In principle the Court found that the measure did violate the right to freedom of establishment in that a German parent company holding an interest in a company resident in another Member State was treated less favourably than one with a shareholding in a German resident company. However, this could be justified by overriding reasons of public interest, namely the need to preserve a balanced allocation of the power to tax between the Member States.

Following established case law the Court noted that allowing companies resident in a Member State to transfer their profits, in the form of unusual or gratuitous advantages, to related companies established in other Member States may well undermine the balanced allocation of the power to tax between the Member States. As such national legislation, such as the measure under review, which allows a Member State to redress this situation may be considered as pursuing legitimate objectives compatible with the Treaty and constitute an overriding reason in the public interest. However, the Court noted, such legislation should not go beyond what is necessary to achieve the objective pursued.

Principle of proportionality

Following its previous case law, the Court noted that national legislation which provides for a consideration of objective and verifiable elements in order to determine whether a transaction can be considered artificial may be regarded as proportionate where, inter alia, the taxpayer is given an opportunity, without being subject to undue administrative constraints, to provide evidence of any commercial justification that there may have been for that transaction.

In the present case, the Court, referencing the facts of the case, noted that there may be a commercial justification by virtue of the fact that Hornbach-Baumarkt AG is a shareholder in the foreign group companies, which could justify the conclusion of the transaction on non-arm’s-length terms.
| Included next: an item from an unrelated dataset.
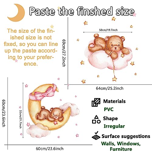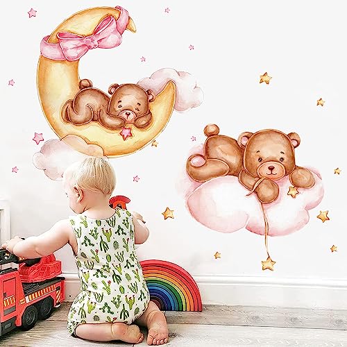 JAHEMU Sticker da muro Orso con Stella Adesivi Murali bambini Ragazzi e Ragazze Decorazione Soggiorno Camera Da Letto

In particular since the continuation and expansion of the business operations of those foreign companies was, due to a lack of sufficient equity, dependent upon the availability of financing, the gratis issue of letters of comfort, could be explained by Hornbach-Baumarkt AG’s own economic interest in the financial success of the foreign group companies, in which it participates through the distribution of profits, as well as by its responsibilities as a shareholder for the financing of those companies.

However, the question as to whether the legislation did in fact give the taxpayer the chance to prove that the terms were agreed on for commercial reasons resulting from its status as a shareholder of the non-resident company, should be decided by the referring court.